* _ACTION ITEM_: Below is a listing; repeat exactly the lines from the one containing "カチューシャ 子供 ティアラ" to the one containing "Asian, black hair", both included.

### DATA TO PROCESS

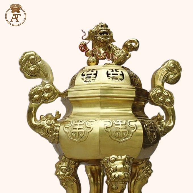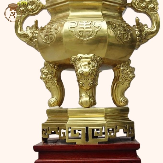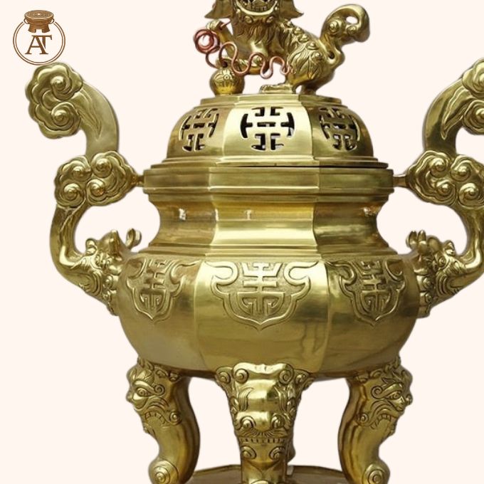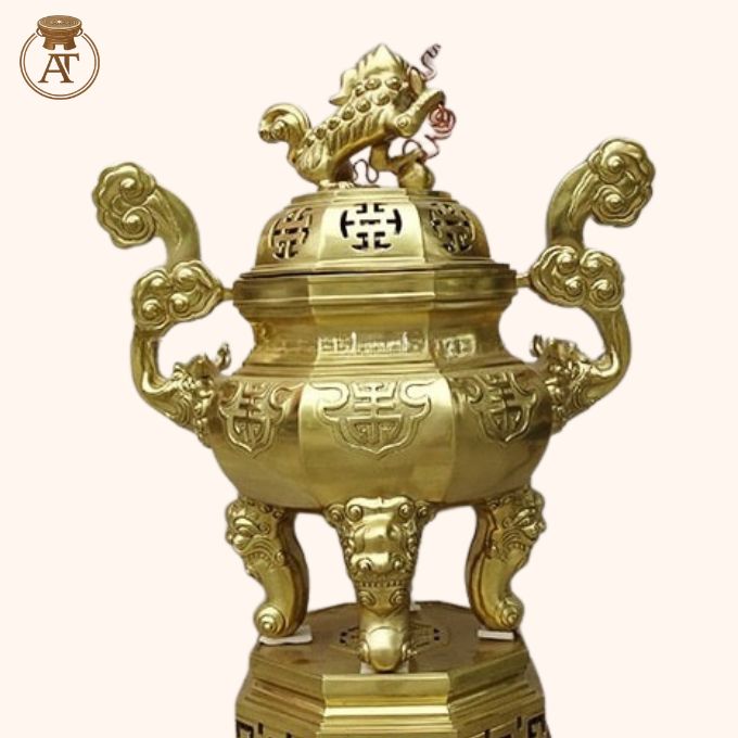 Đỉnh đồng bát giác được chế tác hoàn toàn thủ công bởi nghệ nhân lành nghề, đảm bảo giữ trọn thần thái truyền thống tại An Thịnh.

######
### DATA TO PROCESS

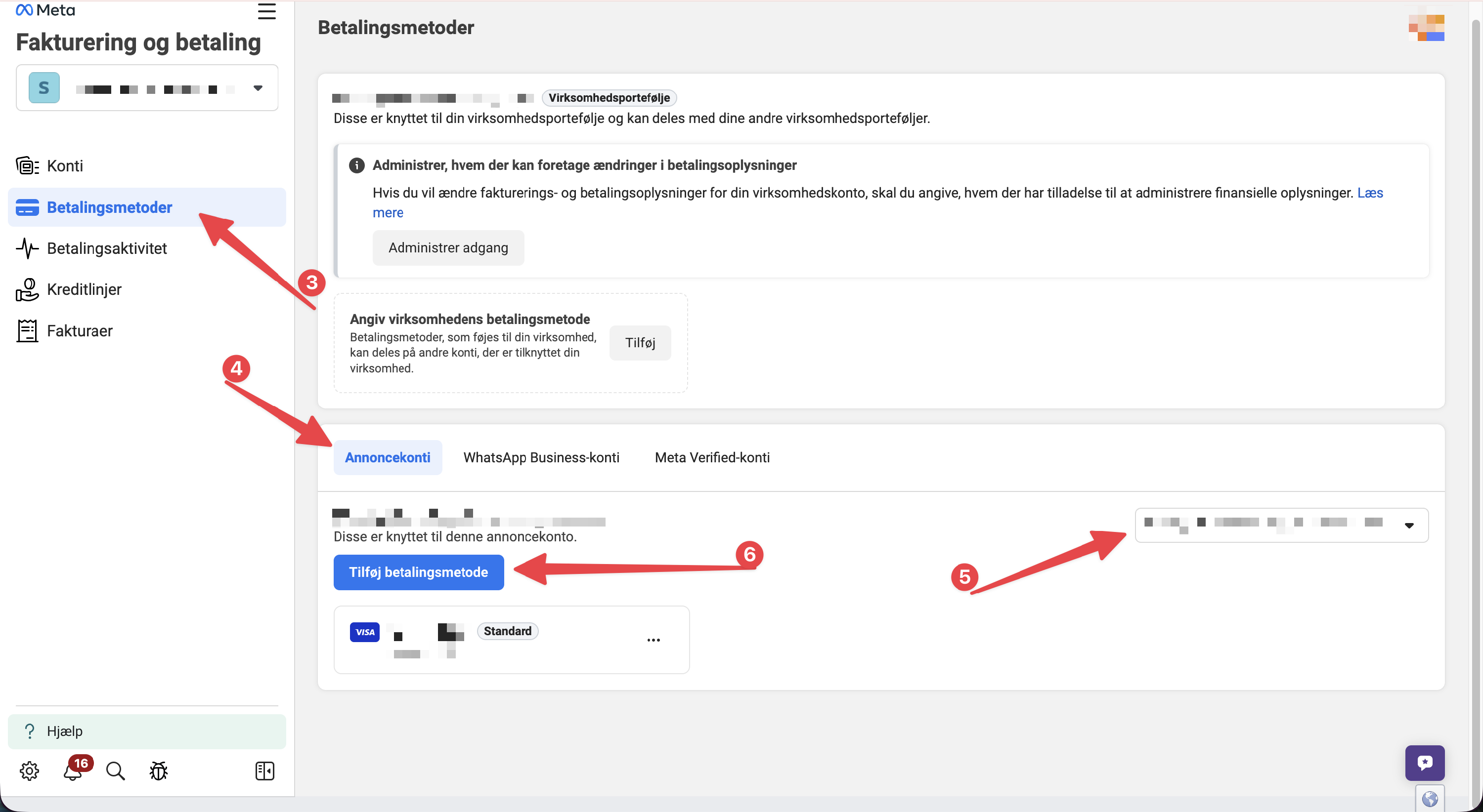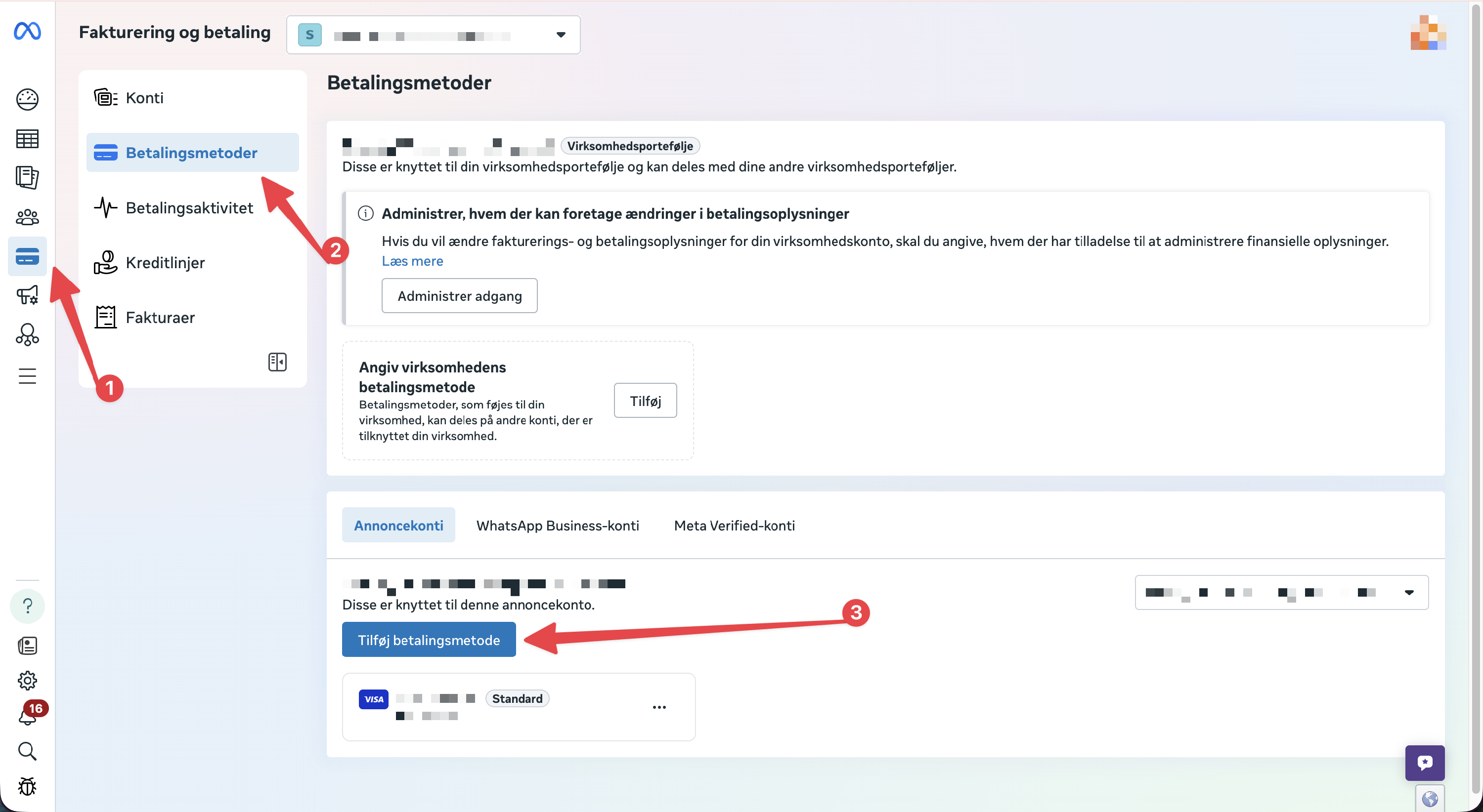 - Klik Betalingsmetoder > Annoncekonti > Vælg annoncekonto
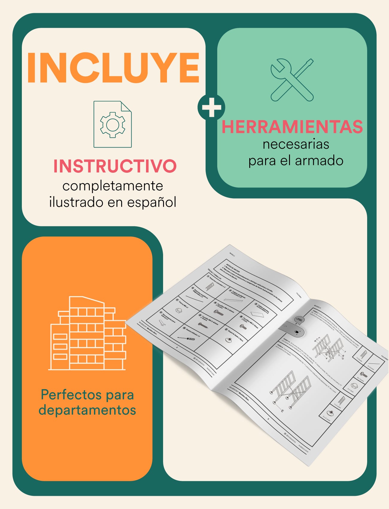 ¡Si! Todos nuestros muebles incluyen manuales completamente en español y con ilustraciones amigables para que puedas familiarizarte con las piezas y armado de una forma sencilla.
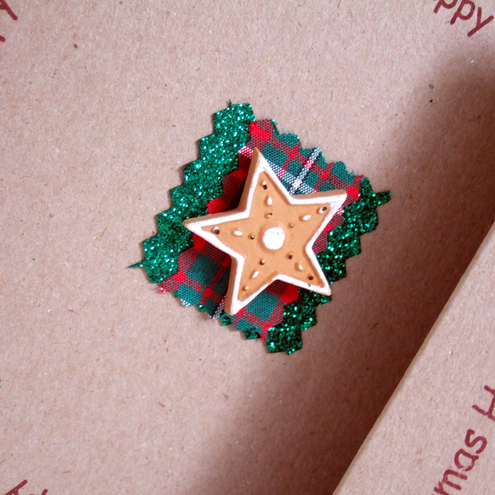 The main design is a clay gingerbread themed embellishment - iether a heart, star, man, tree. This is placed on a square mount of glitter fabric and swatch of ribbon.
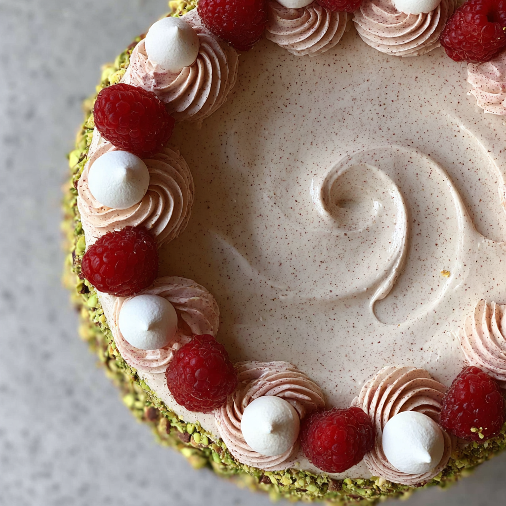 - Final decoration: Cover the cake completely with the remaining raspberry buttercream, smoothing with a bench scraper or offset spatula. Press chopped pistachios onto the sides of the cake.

######
### DATA TO PROCESS

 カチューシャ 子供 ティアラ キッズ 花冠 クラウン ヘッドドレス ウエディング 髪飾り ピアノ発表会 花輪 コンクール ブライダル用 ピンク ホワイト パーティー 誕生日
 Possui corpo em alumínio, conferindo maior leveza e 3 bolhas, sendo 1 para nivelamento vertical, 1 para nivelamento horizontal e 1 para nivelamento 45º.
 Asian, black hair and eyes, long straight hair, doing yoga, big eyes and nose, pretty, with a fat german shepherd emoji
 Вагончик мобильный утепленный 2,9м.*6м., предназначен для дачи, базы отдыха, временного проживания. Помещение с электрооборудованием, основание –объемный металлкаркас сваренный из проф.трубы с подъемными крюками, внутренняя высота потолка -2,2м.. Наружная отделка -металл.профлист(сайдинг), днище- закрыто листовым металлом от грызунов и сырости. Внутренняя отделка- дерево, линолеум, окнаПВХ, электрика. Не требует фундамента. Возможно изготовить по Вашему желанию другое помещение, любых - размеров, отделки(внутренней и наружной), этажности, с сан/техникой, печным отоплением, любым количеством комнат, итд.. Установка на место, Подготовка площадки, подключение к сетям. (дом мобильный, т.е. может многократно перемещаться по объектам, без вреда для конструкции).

######

* _YOUR RESPONSE_:
 カチューシャ 子供 ティアラ キッズ 花冠 クラウン ヘッドドレス ウエディング 髪飾り ピアノ発表会 花輪 コンクール ブライダル用 ピンク ホワイト パーティー 誕生日
 Possui corpo em alumínio, conferindo maior leveza e 3 bolhas, sendo 1 para nivelamento vertical, 1 para nivelamento horizontal e 1 para nivelamento 45º.
 Asian, black hair and eyes, long straight hair, doing yoga, big eyes and nose, pretty, with a fat german shepherd emoji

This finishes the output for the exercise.